Hackerangriff: Wie Buffer einen GAU in ein Happy End verwandelte

Buffer erlebte am Wochenende einen GAU: Hackern gelang es, den Dienst für eine Twitter- und Facebook-Spamwelle zu missbrauchen. Doch eine schnelle Reaktion und eine konsequente Transparenz verwandelte das Ereignis für das Startup in eine Gelegenheit, von sich reden zu machen.
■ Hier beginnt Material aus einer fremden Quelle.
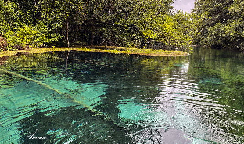 我们可以清晰地看到河底的白色的河沙或岩石。船夫让我们注意从那里出现的气泡。这就是泉水的来源,它来自罕见和神秘的地下通道,从湖东岸的加利奇卡山流出,注入奥赫里德湖。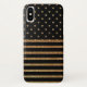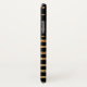 funda de moda para iPhone X hecho en negro con un patrón falso de punto de polka purpurina oro, a lo largo de la parte superior del funda y rayas, a lo largo de la mitad inferior, del funda. Personalizar para agregar su propio texto.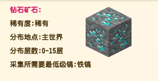 3.最低采集所需要级镐:铁镐,挖掘后直接掉落钻石和大量经验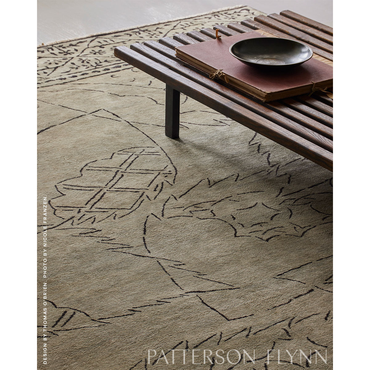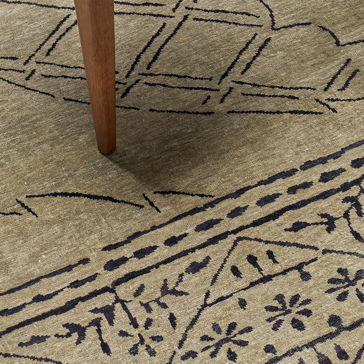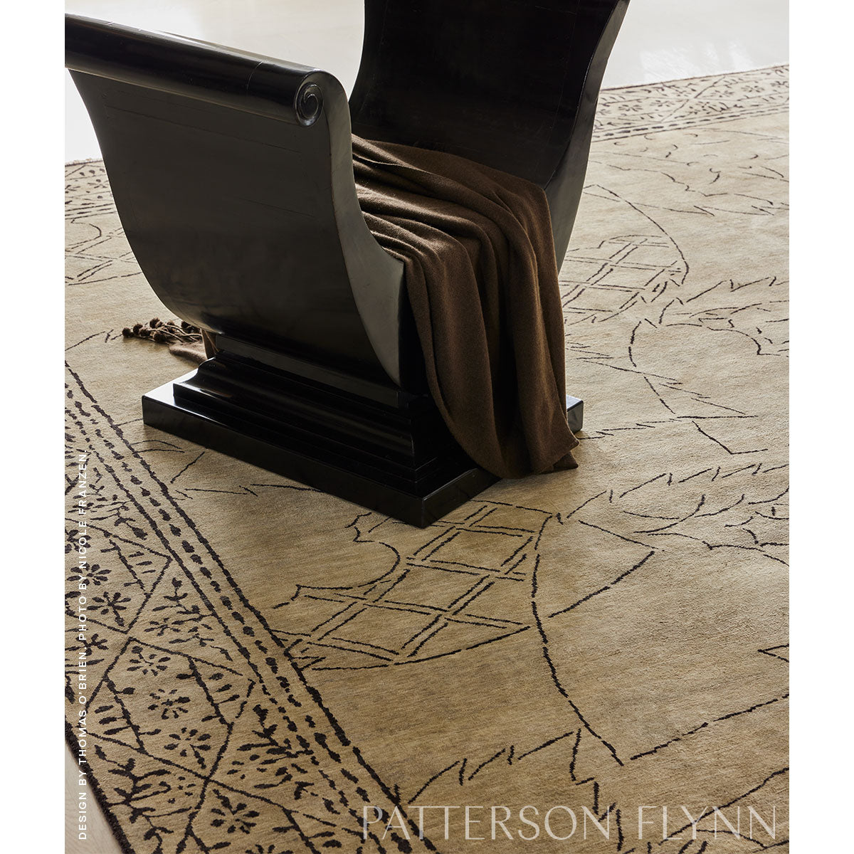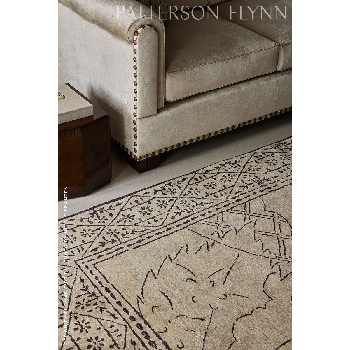 Designed in collaboration with Thomas O’Brien, Kyoto was conceived as a companion to our Haiku rug. Haiku’s main motif, inspired by a vintage Indian hand-block print, forms the border while the central field of large-scale overlapping leaves is drawn from an Art Deco-era piece from O’Brien’s collection of antique kimono screens. The updated colors inject the formal silk Persian with a certain freshness.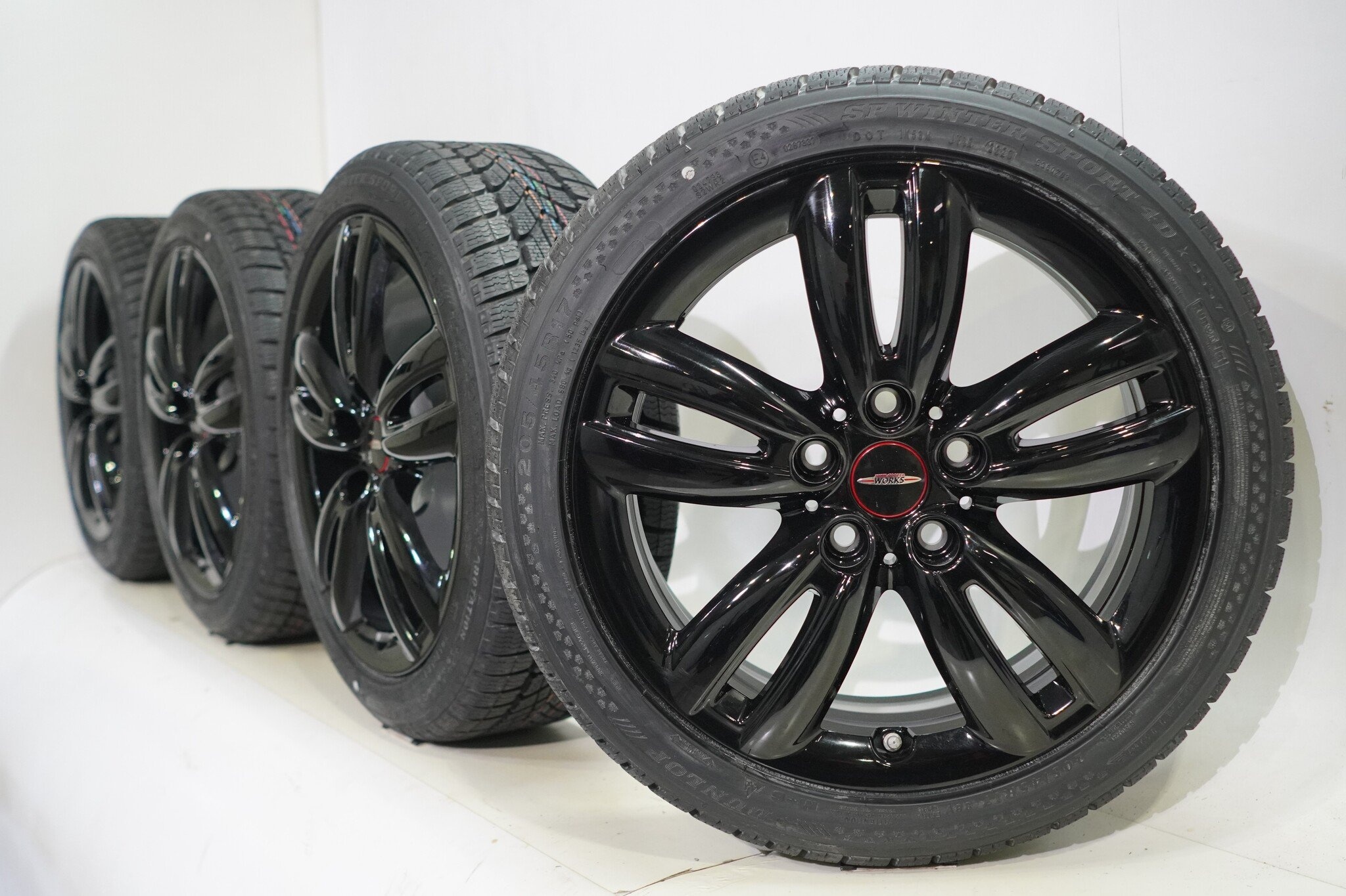 Originele wielset van Mini, styling JCW501, 17 inch velgen met Dunlop SPWintersport 4D Runflat Winterbanden. Deze velgen zijn originele velgen van het merk Mini en geschikt voor: Mini Cooper / S / One / Cabrio F55 F56 F57.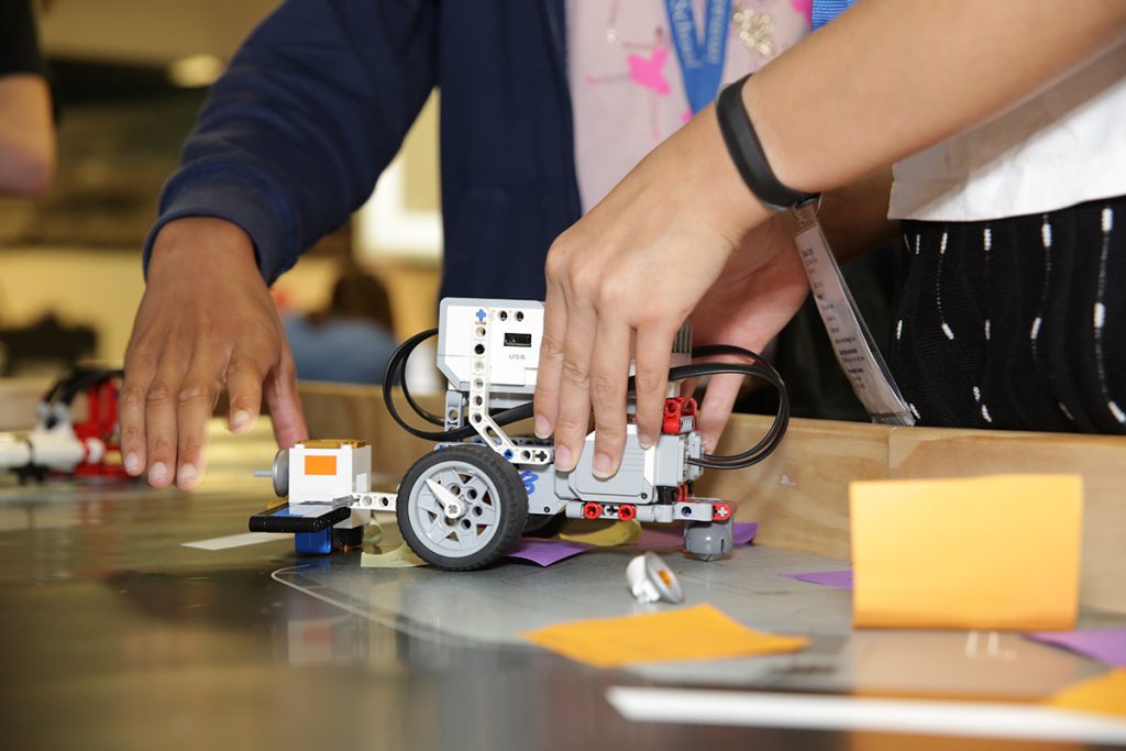 Participants will explore and accomplish tasks in space using a robotic rover based on a given set of parameters. Students will learn the math calculations needed to traverse the space field and to use sensors to improve accuracy. They also will translate the mathematic calculations into the coding instructions for their robot to ensure mission success!

BufferAm vergangenen Samstag gegen elf Uhr Vormittags saß Leo Widrich in seiner Wohnung in San Francisco und war gerade dabei, den Tag zu planen. Bei einem kurzen Blick auf Facebook fielen ihm einige offensichtliche Spam-Einträge auf, die im Namen von Kontakten ihren Weg in das soziale Netzwerk gefunden hatten. Alle schienen sie über den Social-Media-Planungsdienst Buffer verschickt worden zu sein. Jeder andere User hätte sich höchstens kurz geärgert. Widrich jedoch ließen die hässlichen Beiträge, die unter anderem offensichtlich unseriöse Abnehmkuren anpriesen, in einen kurzen Moment der Schockstarre verfallen: Der Österreicher ist einer der zwei Gründer von Buffer. Ihm war sofort klar, was sich da vor seinen Augen abspielte: Buffer, der bei vielen Marketing- und Kommunikationsverantwortlichen beliebte Dienst, um Updates bei einschlägigen Social-Media-Plattformen automatisiert über den Tag verteilt zu publizieren, war gehackt worden!

 

Eindringlinge hatten über einen von Buffer genutzten Datenbankanbieter Zugriff auf die Access-Token erhalten, die Buffer das Publizieren über von Nutzern autorisierte Facebook- und Twitter-Konten gestatten. Sie profitierten dabei von dem Versäumnis des Buffer-Teams, diese Token zu verschlüsseln. Ein Fauxpas, der für alle 1,1 Millionen Buffer-Mitglieder unerfreuliche Konsequenzen hatte und Widrich, seinem Kompagnon Joel Gascoigne und dem 14-köpfigen Team des 2011 gegründeten Startups einiges an Arbeit bescherte.

"Das war's mit Buffer"

Das Buffer-Team entdeckt die Attacke"Mein erster Gedanken lautete: Das war's mit Buffer!" - so beschreibt Leo Widrich, was sich unmittelbar nach dem Entdecken des Hacks in seinem Kopf abspielte. Nachvollziehbar, immerhin setzt Buffer voraus, dass Nutzer dem Dienst Zugriff auf die persönlichen Social-Media-Konten geben und Schreibrechte für selbige einräumen. Ohne Vertrauen geht das nicht - etwas, das über einen langen Zeitraum entsteht, aber auf einen Schlag zunichte gemacht werden kann. Kurz ging Widrich tatsächlich davon aus, gerade Zeuge des Ablebens seines Startups geworden zu sein. Doch dann fing er sich und informierte die Kollegen über seine bittere Beobachtung.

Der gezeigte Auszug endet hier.